In a statement, it added that its teams were “monitoring the situation very closely and ensuring that our platform is safe” while remaining at the disposal of the authorities.

A first in an EU country

The French government asked the territory’s network operator to block access to the server addresses leading to the social media on smartphones.

New Caledonia has a very specific legal framework and from a technical point of view, this is possible because a single service is in charge of the territory’s telecoms.

However, this method can be bypassed, for example, by using a VPN.

The French government had already raised the possibility of cutting some social platforms during the summer of 2023 when urban riots occurred in the country but didn’t follow through.

The first clashes in New Caledonia occurred on Monday when a constitutional reform was being debated in the Assemblée National, the French parliament’s lower chamber, to broaden the electorate that is able to vote in provincial elections and referendums.

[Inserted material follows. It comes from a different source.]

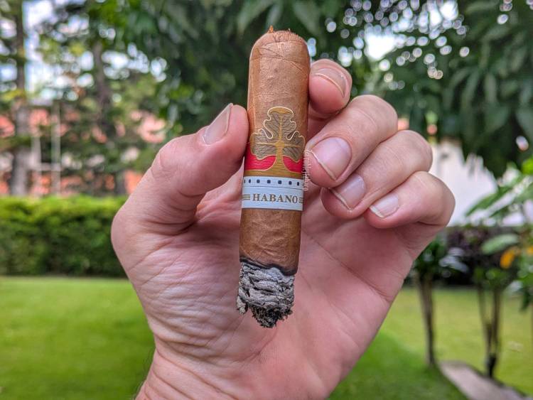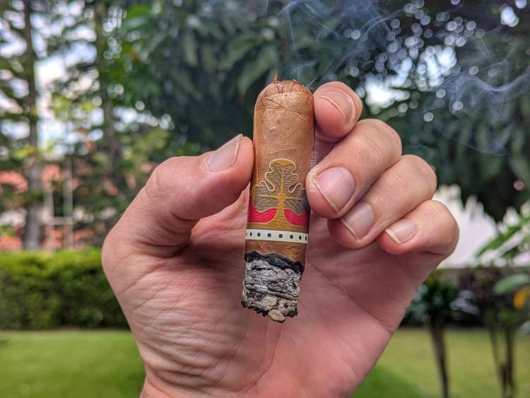 En el último tercio los sabores se simplifican un poco y si bien están casi todos, ese sabor de roble se siente más como un sabor de madera y el de café ya deja de tener propiedades que podrían haberse inclinado hacia granos de café o una bolsa de café, y el cuero ya es genérico y no es exactamente un tipo de cuero. Siguen los sabores de tierra y de pimienta también, con un retrogusto que es principalmente de pimienta, pero también de cuero. La quemada vuelve a ser muy buena, el humo denso y la intensidad media-alta, pero la fortaleza llega a ese punto también. Me toma una hora y 50 minutos fumar este Robusto (extra) hasta el final.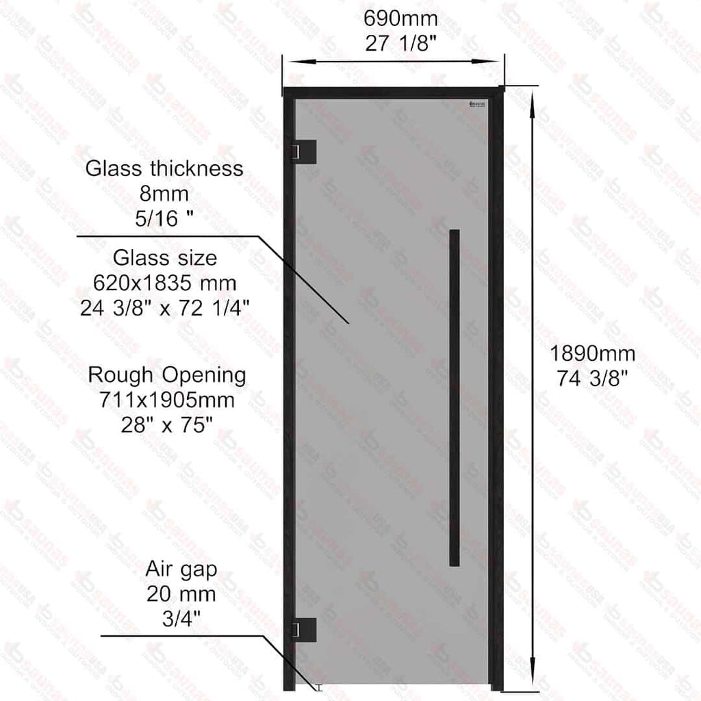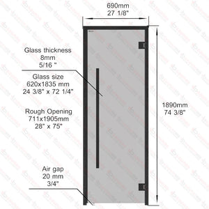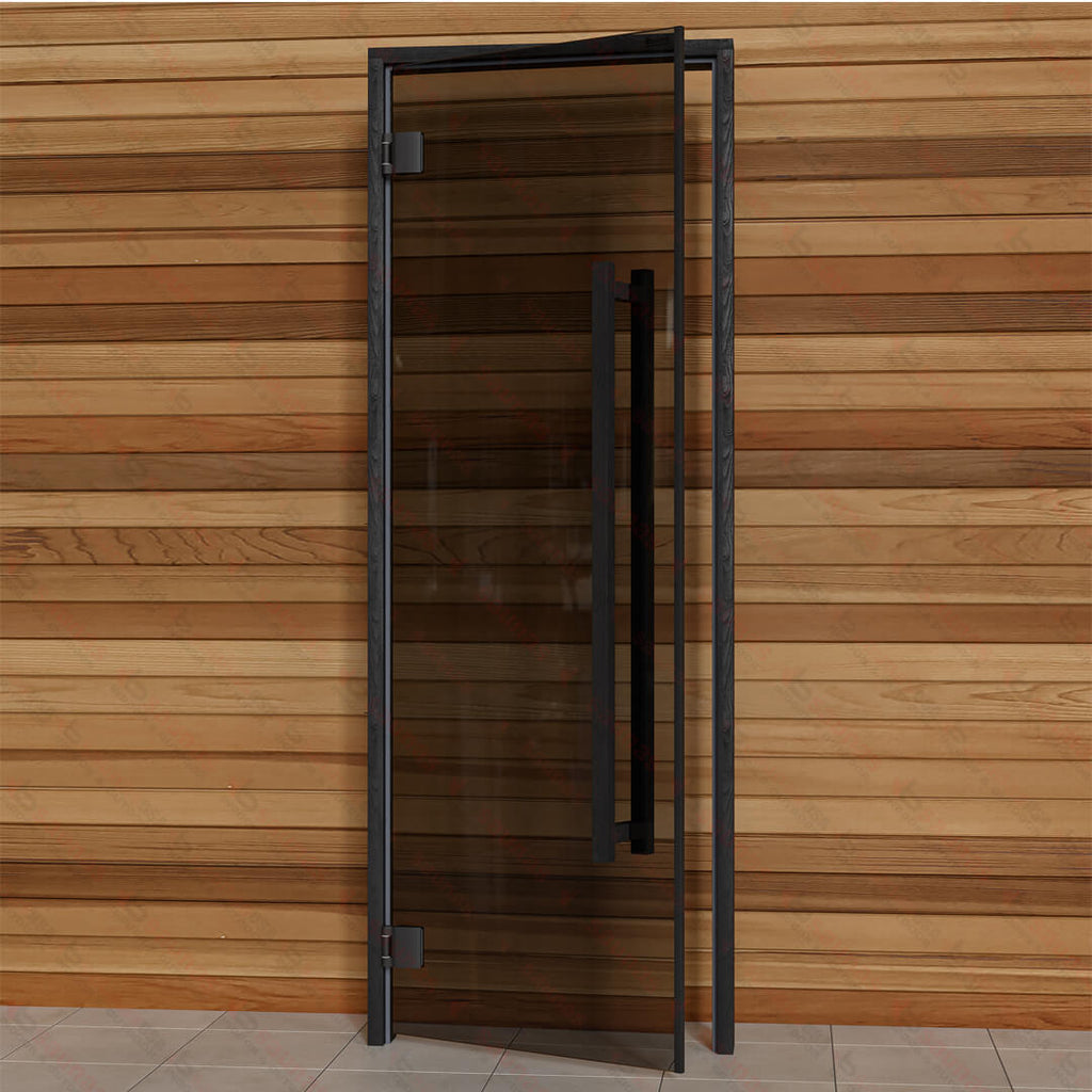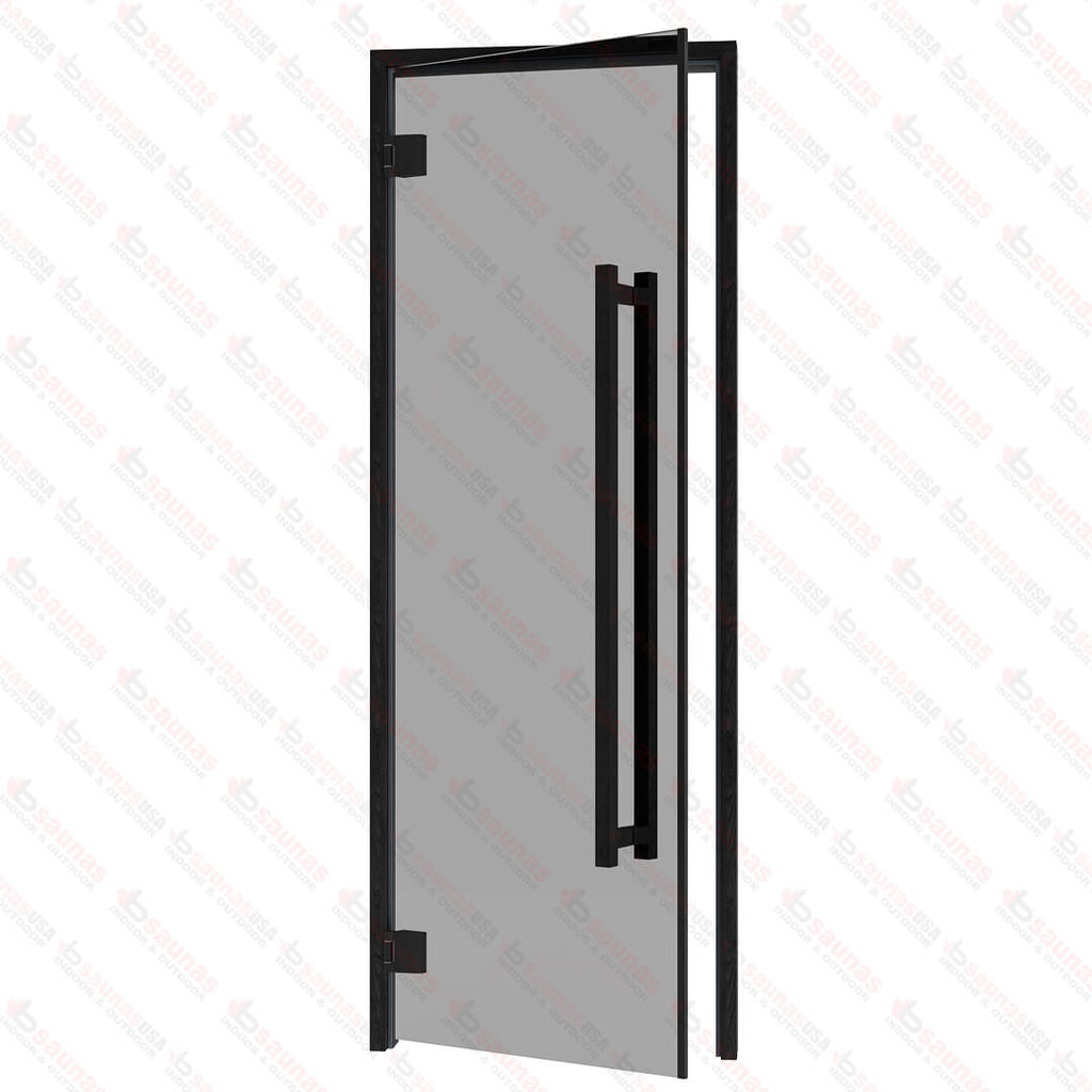 This Benelux door features an elegant grey glass, providing a slightly tinted view that enhances privacy while still allowing for visibility. The subtle tint adds a touch of sophistication and style, making this door a standout feature in your sauna.

The reform would include allowing people who have lived in New Caledonia - a region that is debating its future relationship with France - for over 10 years being able to vote.

However, pro-independence leaders fear that this reform will lead to under-representing the Kanaks, the indigenous people, who represent 41 per cent of the territory’s population.

Kanaks generally face lower living standards, higher unemployment, and limited access to quality housing and education compared to the non-Kanak population.

New Caledonia has held three referendums on independence from France, all resulting in a majority voting against it.


The last ballot, held in 2021 during the COVID-19 pandemic, was boycotted by pro-independence groups.